■ **DATA FOR THIS EXERCISE**
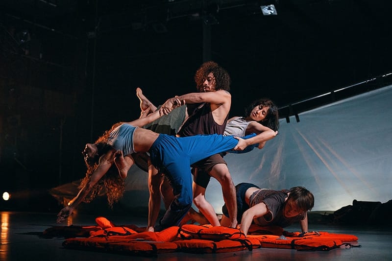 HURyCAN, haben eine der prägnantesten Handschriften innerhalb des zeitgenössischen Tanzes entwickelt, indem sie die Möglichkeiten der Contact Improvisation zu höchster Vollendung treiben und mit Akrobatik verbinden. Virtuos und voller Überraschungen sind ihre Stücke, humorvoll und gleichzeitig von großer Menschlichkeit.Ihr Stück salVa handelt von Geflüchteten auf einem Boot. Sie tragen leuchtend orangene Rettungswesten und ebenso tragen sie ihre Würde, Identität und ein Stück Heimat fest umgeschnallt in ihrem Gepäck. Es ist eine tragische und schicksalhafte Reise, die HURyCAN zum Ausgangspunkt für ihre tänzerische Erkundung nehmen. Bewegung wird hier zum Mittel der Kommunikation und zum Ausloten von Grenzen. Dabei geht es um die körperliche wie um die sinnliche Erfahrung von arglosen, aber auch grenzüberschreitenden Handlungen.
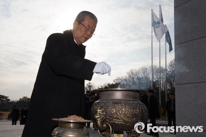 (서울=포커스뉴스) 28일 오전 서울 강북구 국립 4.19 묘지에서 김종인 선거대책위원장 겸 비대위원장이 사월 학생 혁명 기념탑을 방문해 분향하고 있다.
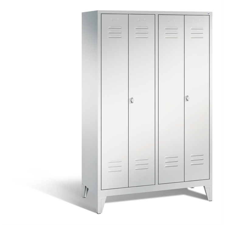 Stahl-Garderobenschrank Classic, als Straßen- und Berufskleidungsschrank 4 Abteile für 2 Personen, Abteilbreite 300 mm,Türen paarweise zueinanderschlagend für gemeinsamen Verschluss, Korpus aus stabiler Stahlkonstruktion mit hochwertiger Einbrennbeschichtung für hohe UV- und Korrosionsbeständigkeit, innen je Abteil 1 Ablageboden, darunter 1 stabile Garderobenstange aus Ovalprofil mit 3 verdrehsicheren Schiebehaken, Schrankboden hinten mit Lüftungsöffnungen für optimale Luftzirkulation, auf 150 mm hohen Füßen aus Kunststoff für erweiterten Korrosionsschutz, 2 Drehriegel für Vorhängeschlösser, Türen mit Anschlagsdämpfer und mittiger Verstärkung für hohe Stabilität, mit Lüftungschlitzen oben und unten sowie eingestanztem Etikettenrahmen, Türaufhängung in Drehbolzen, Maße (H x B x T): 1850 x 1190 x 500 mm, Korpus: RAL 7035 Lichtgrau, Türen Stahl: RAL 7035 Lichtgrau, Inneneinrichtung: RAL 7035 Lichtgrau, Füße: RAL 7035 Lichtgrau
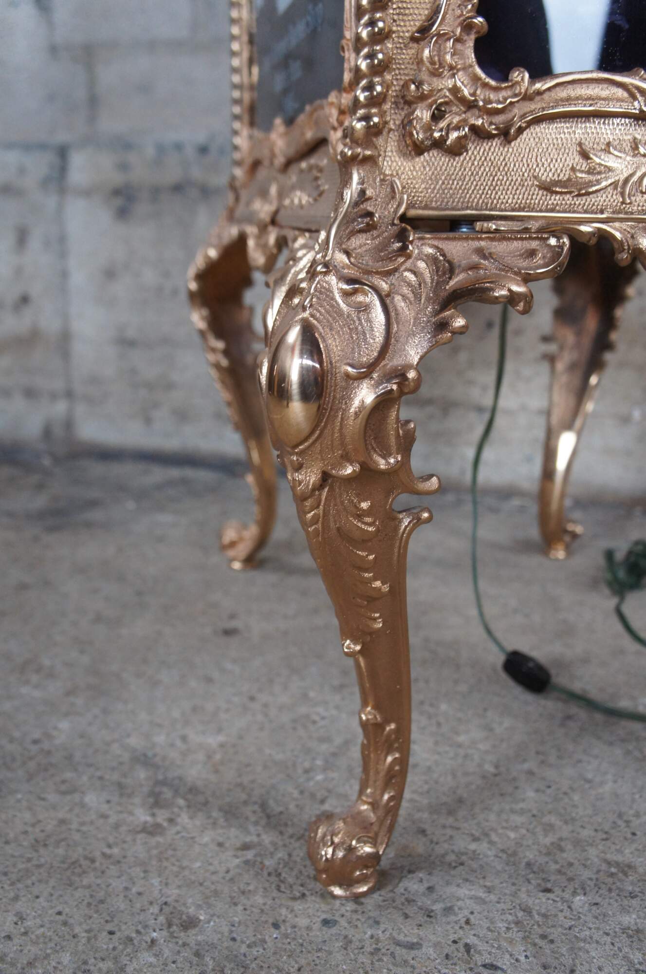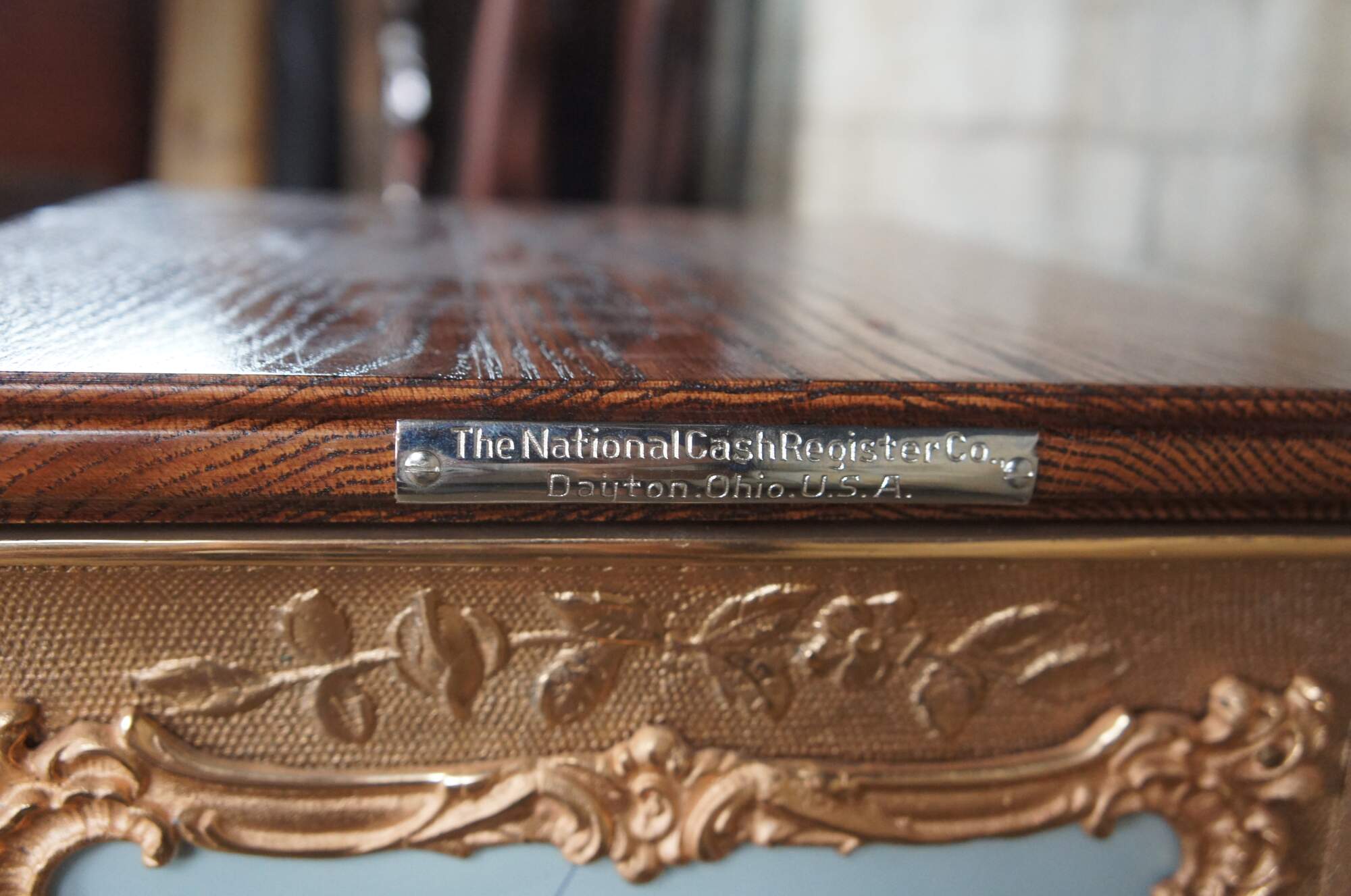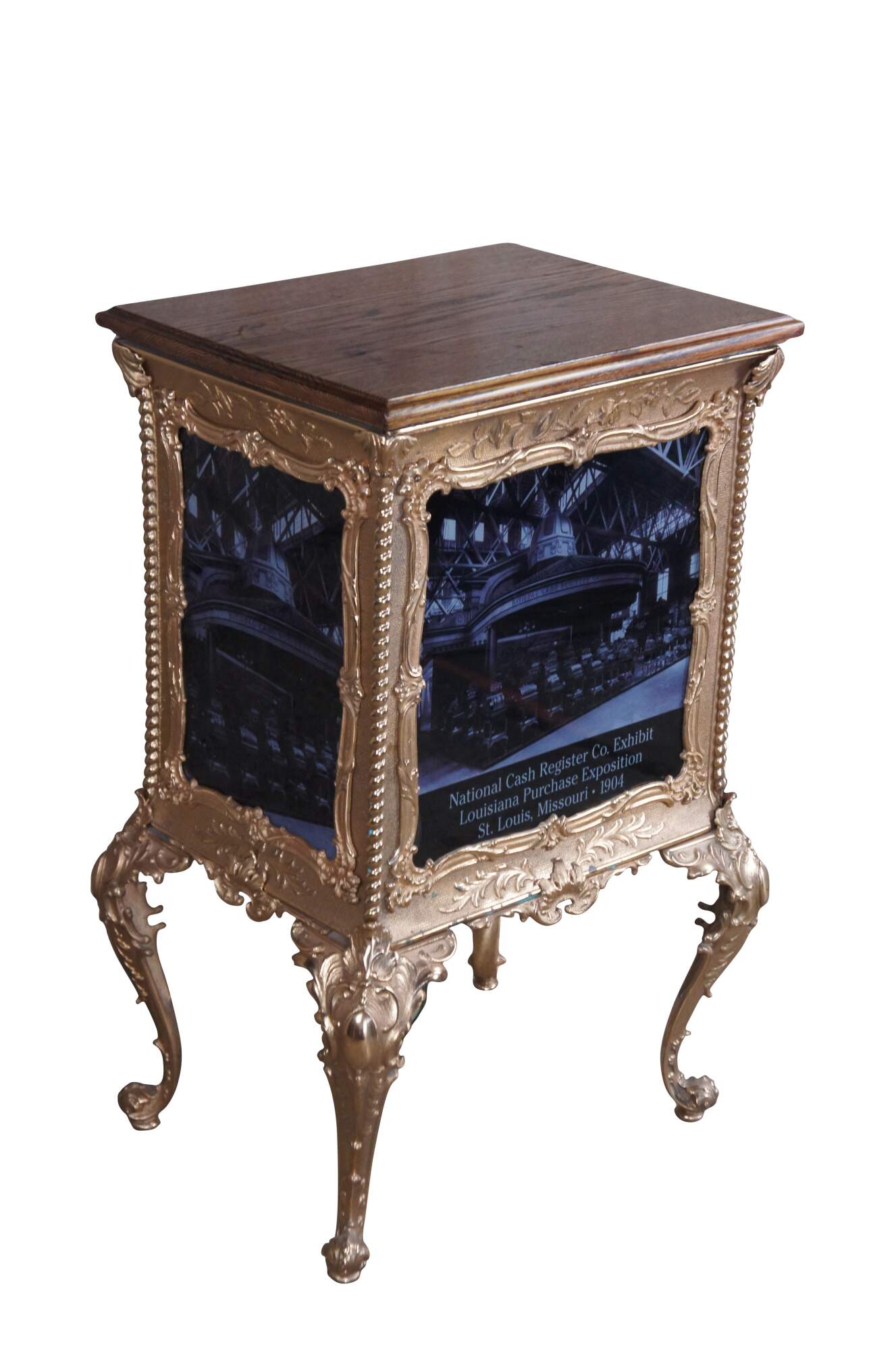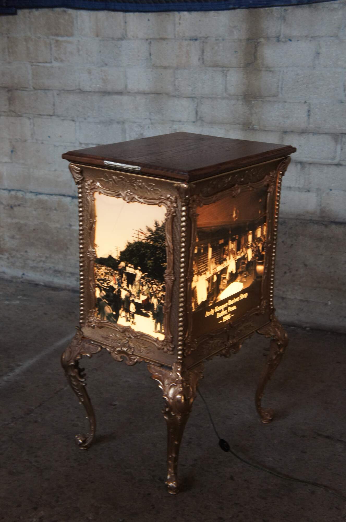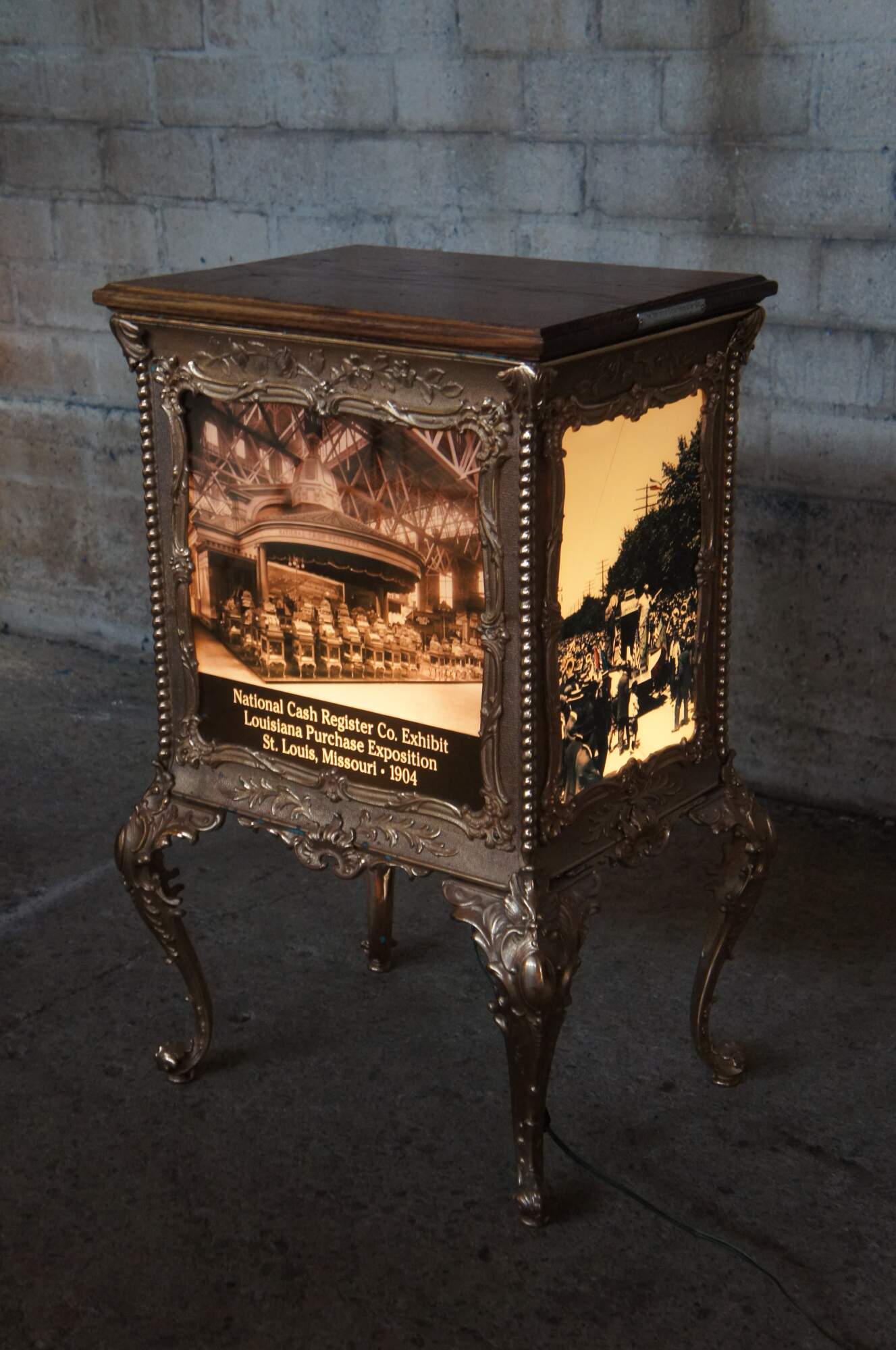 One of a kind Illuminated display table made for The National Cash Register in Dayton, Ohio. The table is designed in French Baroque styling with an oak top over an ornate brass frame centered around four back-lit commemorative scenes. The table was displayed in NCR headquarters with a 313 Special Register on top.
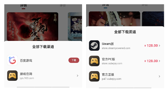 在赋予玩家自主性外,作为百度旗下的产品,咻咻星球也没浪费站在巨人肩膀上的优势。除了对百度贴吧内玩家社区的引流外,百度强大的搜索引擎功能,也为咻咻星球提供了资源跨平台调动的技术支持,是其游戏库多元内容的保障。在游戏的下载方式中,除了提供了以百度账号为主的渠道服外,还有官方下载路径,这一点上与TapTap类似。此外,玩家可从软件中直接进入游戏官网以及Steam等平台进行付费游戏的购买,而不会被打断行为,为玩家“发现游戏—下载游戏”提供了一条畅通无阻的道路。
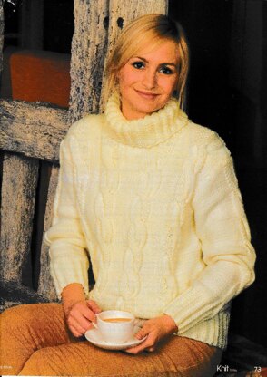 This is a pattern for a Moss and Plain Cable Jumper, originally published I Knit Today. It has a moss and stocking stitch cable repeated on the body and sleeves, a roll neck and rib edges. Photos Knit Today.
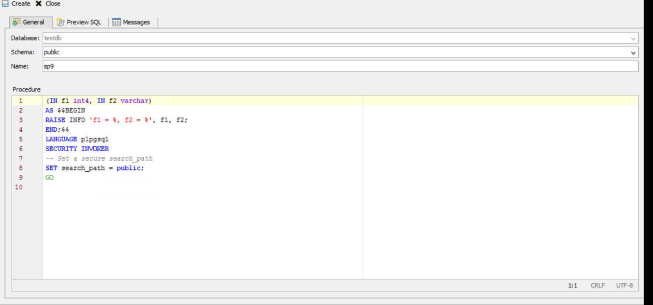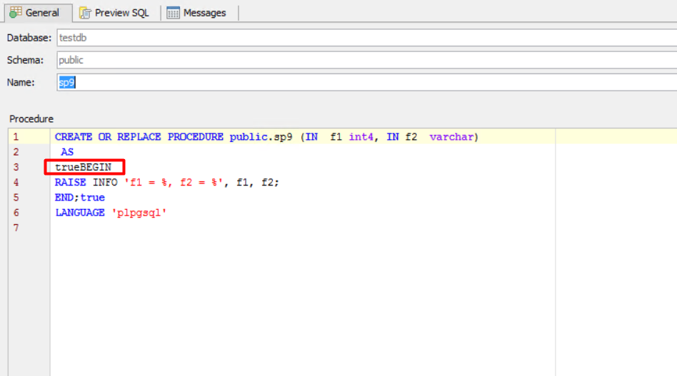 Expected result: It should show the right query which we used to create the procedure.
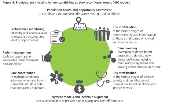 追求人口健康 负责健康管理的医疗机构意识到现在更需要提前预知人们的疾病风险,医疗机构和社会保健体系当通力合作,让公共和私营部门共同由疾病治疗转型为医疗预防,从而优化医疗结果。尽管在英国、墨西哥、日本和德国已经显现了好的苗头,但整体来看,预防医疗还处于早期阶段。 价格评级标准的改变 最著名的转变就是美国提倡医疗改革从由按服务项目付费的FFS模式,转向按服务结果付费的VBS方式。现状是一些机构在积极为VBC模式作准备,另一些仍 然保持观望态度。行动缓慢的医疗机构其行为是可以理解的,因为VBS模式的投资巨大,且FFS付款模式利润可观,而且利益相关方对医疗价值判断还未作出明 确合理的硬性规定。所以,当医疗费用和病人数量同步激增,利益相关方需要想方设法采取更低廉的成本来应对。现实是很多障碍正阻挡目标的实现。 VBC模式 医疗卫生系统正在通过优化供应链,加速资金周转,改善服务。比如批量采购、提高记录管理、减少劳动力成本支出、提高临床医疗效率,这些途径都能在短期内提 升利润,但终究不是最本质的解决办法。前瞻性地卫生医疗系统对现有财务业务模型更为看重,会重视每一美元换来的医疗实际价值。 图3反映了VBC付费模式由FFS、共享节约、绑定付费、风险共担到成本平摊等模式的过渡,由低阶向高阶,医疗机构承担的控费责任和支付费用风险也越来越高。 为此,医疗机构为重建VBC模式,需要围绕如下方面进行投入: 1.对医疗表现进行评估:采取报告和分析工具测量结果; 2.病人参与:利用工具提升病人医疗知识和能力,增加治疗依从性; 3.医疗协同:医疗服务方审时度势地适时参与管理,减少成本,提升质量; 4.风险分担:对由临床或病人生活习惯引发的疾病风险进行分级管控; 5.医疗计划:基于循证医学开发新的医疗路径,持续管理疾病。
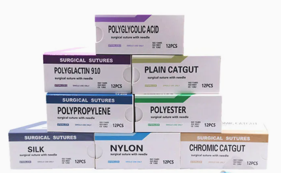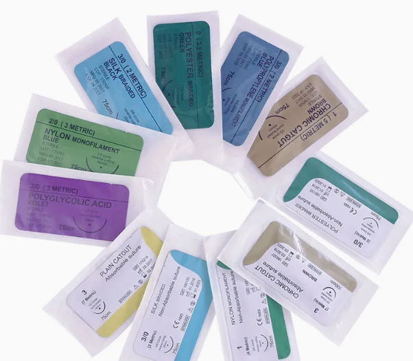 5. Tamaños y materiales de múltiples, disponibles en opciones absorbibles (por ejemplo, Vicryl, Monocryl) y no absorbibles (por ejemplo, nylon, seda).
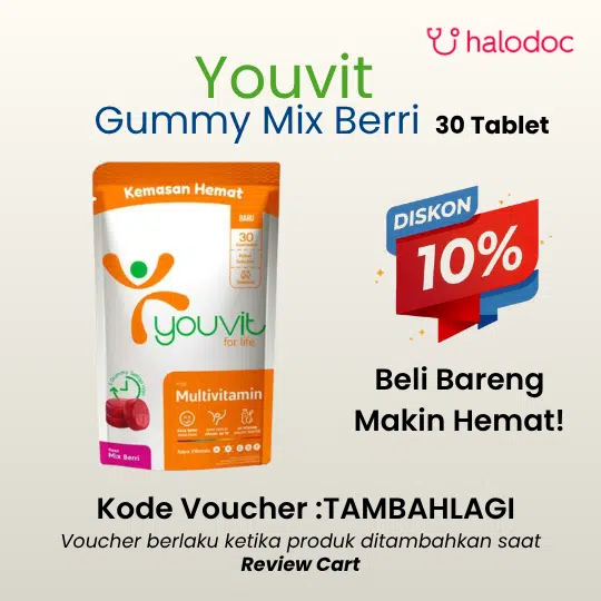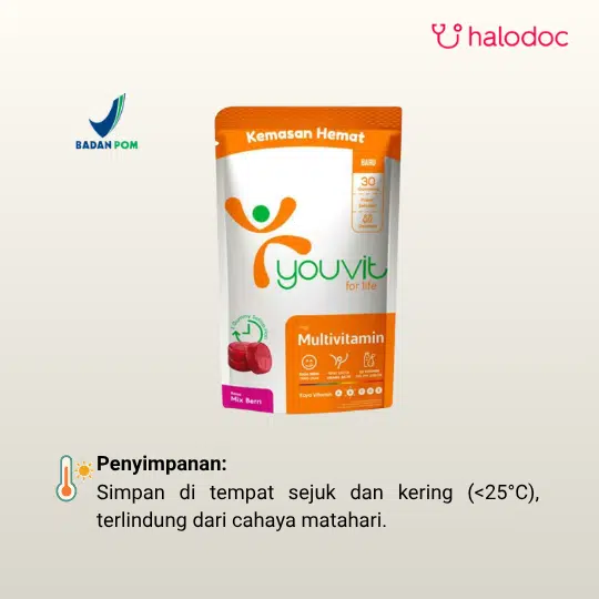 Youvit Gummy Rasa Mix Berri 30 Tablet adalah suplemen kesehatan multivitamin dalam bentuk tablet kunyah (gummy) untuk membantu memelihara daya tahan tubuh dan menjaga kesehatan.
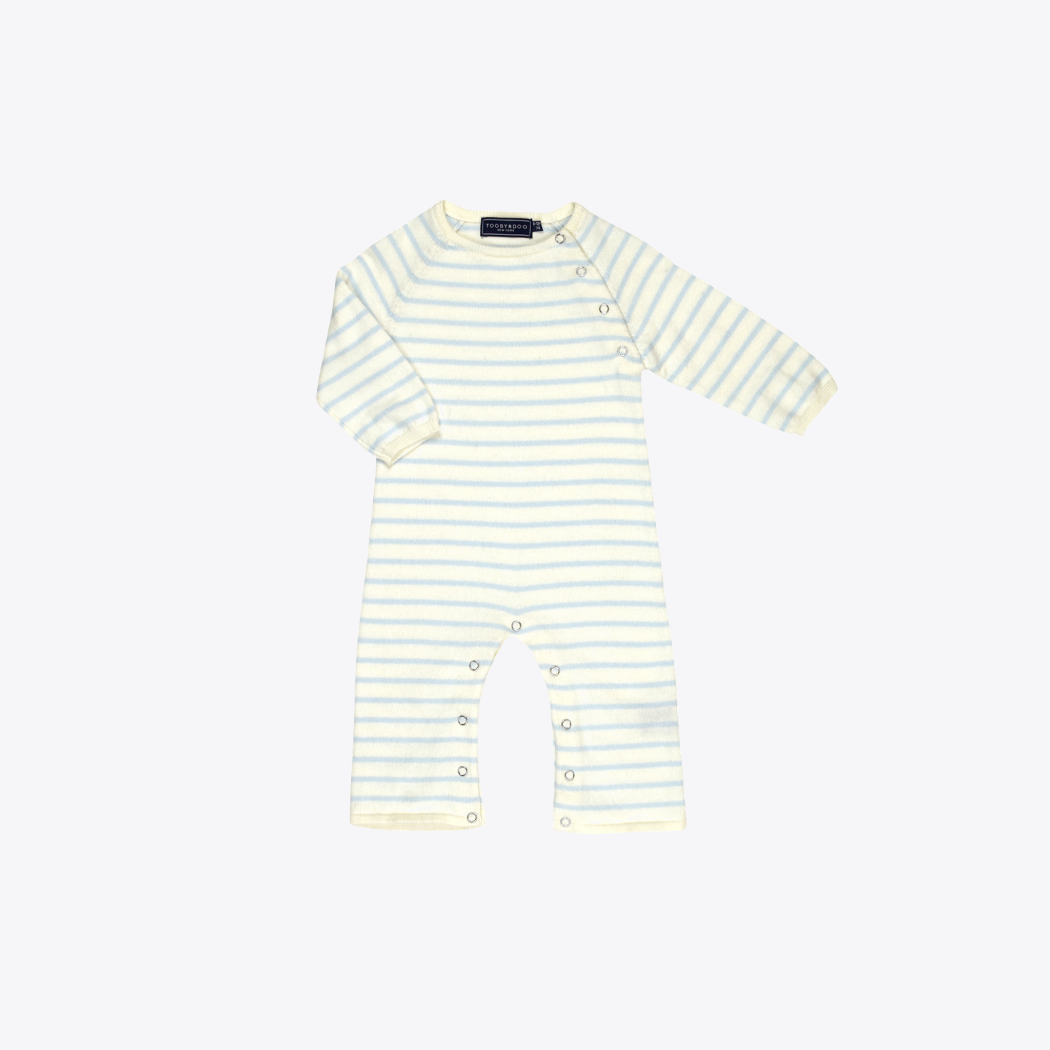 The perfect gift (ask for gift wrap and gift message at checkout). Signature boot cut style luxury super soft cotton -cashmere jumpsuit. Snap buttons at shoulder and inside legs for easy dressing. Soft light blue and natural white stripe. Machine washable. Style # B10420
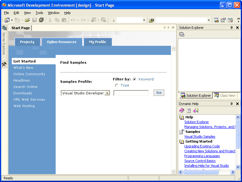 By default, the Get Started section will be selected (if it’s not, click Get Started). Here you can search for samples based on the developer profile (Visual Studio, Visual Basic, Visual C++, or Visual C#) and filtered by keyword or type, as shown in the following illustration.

■ **WORK INSTRUCTION**
Exactly the lines from the one with "Youvit Gummy Rasa" through the end of the listing above are to be repeated, with no pictures.

■ **RESULT OF THE EXERCISE**
 Youvit Gummy Rasa Mix Berri 30 Tablet adalah suplemen kesehatan multivitamin dalam bentuk tablet kunyah (gummy) untuk membantu memelihara daya tahan tubuh dan menjaga kesehatan.
 The perfect gift (ask for gift wrap and gift message at checkout). Signature boot cut style luxury super soft cotton -cashmere jumpsuit. Snap buttons at shoulder and inside legs for easy dressing. Soft light blue and natural white stripe. Machine washable. Style # B10420
 By default, the Get Started section will be selected (if it’s not, click Get Started). Here you can search for samples based on the developer profile (Visual Studio, Visual Basic, Visual C++, or Visual C#) and filtered by keyword or type, as shown in the following illustration.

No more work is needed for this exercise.